• WHAT THE TASK ASKS
Repeat the data that follows exactly, starting at the line with "3年1組、ふろしきを使って、" and ending at the line with "2月27日(水)、仲良し班解", and leave out every picture.

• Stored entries
%%
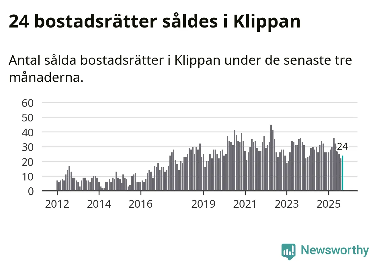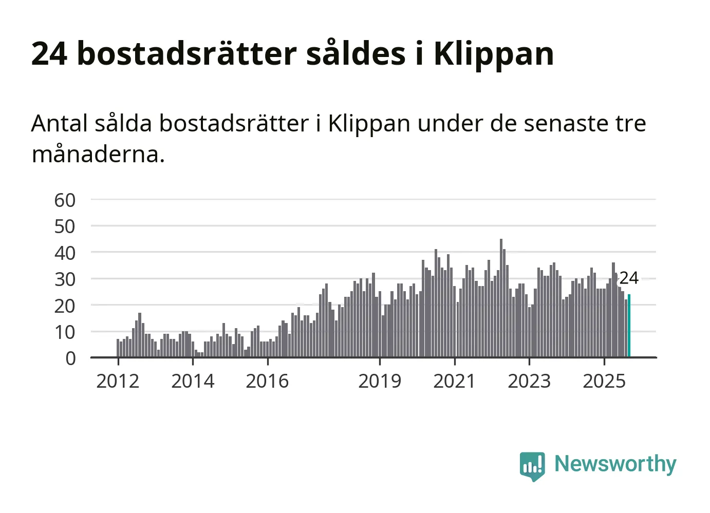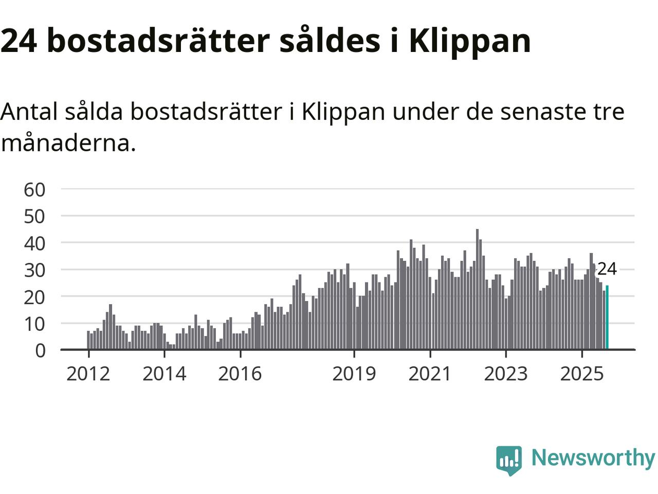 Mellan juli och september såldes 24 bostadsrätter i Klippans kommun. Det är relativt få sett till aktiviteten på bostadsmarknaden i kommunen under de senaste tolv månaderna, samt det historiska snittet för den här tiden på året.
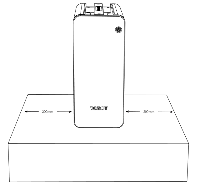 請將控制柜放置在越疆CR3機械臂工作空間外的水平臺面,并預留足夠的線纜接線空間和操作空間??刂乒癜惭b空間要求如下圖所示,左右需預留200mm的空間,出風口無堵塞,保證足夠的散熱空間。
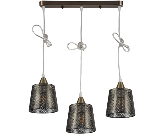 Подвесной светильник Wink H229-3 от английской фабрики Hiper украсит гостиную, прихожую и коридор, спальню, кухню, зону над обеденным столом и кухонным островом, кабинет, зал в стиле современный, кантри, лофт. Материал изготовления — металл, цвет бронза. 3 плафона из металла с цоколем E27 и мощностью ламп 180W, площадь освещения составляет до 9 кв. м. Питание от сети 220V. Технические особенности: регулировка высоты. Монтаж производится на пластину. Габариты: длина — 50 см, ширина — 13 см, высота — 12 см.
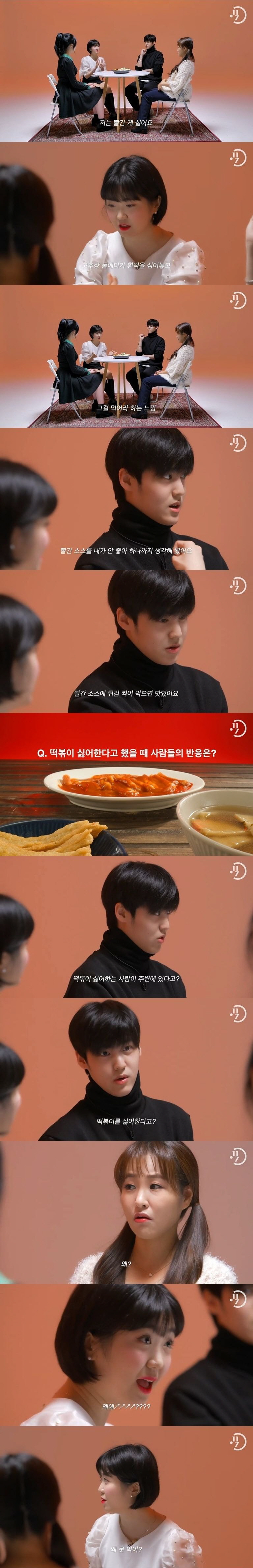 “떡볶이를 싫어한다고 했을 때 사람들의 반응은 이해할 수 없다는 반응이 많았다.”라며 당시 상황을 전했다.
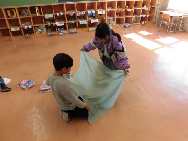 3年1組、ふろしきを使って、水筒、教科書、ボールを包んで、良さを体験していました。
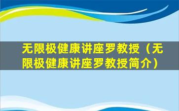 无限极是一家中国的直销公司,主要销售健康食品、个人护理品和家居用品。关于“无限极健康讲座罗教授”的简介,由于信息有限,无法提供具体的个人资料。通常,这类健康讲座可能会邀请医学、营养学或相关领域的专家来分享健康知识。
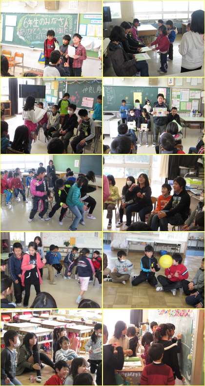 2月27日(水)、仲良し班解散式を行いました。みんなで作った色紙を6年生にプレゼントし、6年生といっしょにゲームを楽しみました。運営の5年生は、次のリーダーとしての自覚を持って一生懸命頑張っていました。
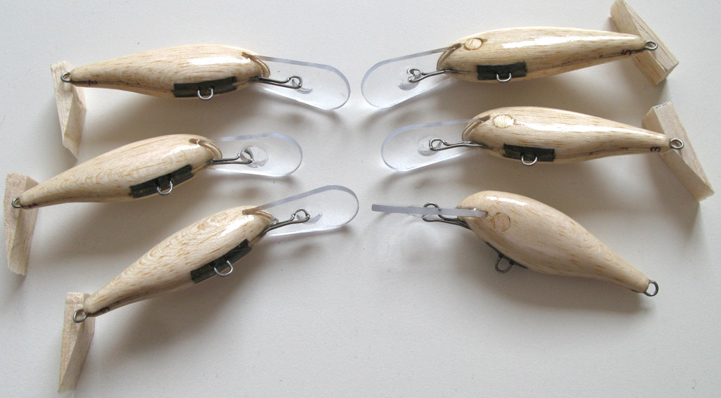 Воблеры из бальзы все длинной 70мм, покрытие 8 слоев лака.Kasper писал(а):А почему никто не выкладывает фотографии плавающего воблера чтобы можно было понять как огружен воблер, а то очень часто задают вопрос про огрузку и расположение грузов. Может стоит взять за правило выкладывать такой ракурс
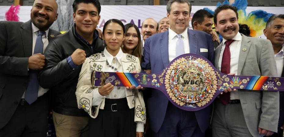 El Consejo Mundial de Boxeo (WBC) presentó el cinturón conmemorativo “Nahui Huey Altepemeh”, pieza que será disputada el próximo 13 de septiembre en la pelea entre Saúl “Canelo” Álvarez y Terence Crawford, que refleja el talento de artesanos y artistas tlaxcaltecas y enaltece la identidad cultural del estado, al colocar a Tlaxcala en el escaparate internacional del boxeo, proyectando su arte y tradición a millones de espectadores en todo el mundo.
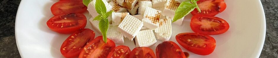 אחרי שעה חתכתי לקוביות, חציתי עגבניות שרי, קטפתי בזיליקום מהגינה (בחודש ינואר! – איפה מכחישי שינוי האקלים) וזלפתי מעל חומץ בלסמי אמיתי שהבאנו ממודנה.
%%
• RESULT OF THIS EXERCISE
 3年1組、ふろしきを使って、水筒、教科書、ボールを包んで、良さを体験していました。
 无限极是一家中国的直销公司,主要销售健康食品、个人护理品和家居用品。关于“无限极健康讲座罗教授”的简介,由于信息有限,无法提供具体的个人资料。通常,这类健康讲座可能会邀请医学、营养学或相关领域的专家来分享健康知识。
 2月27日(水)、仲良し班解散式を行いました。みんなで作った色紙を6年生にプレゼントし、6年生といっしょにゲームを楽しみました。運営の5年生は、次のリーダーとしての自覚を持って一生懸命頑張っていました。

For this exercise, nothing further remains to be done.